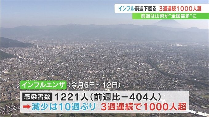 県によりますと、11月12日までの1週間に県内41の定点医療機関から報告があった感染者数は、前の週より404人減った1221人でした。
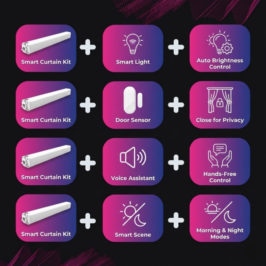 • Syncs with smart lights to adjust brightness when curtains move
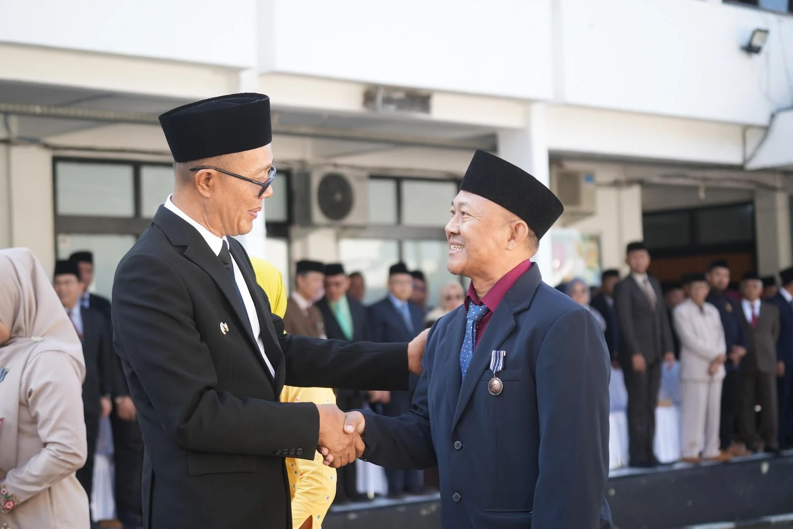 Dalam kesempatan tersebut, Pemerintah Kota juga menganugerahkan tanda kehormatan Satyalancana Karya Satya kepada lima orang ASN sebagai bentuk apresiasi atas pengabdian mereka dalam dunia pendidikan dan pelayanan publik.

PROBLEM TO WORK ON:
Reproduce the data word for word; no pictures.

ANSWER FOR THIS EXERCISE:
 県によりますと、11月12日までの1週間に県内41の定点医療機関から報告があった感染者数は、前の週より404人減った1221人でした。
 • Syncs with smart lights to adjust brightness when curtains move
 Dalam kesempatan tersebut, Pemerintah Kota juga menganugerahkan tanda kehormatan Satyalancana Karya Satya kepada lima orang ASN sebagai bentuk apresiasi atas pengabdian mereka dalam dunia pendidikan dan pelayanan publik.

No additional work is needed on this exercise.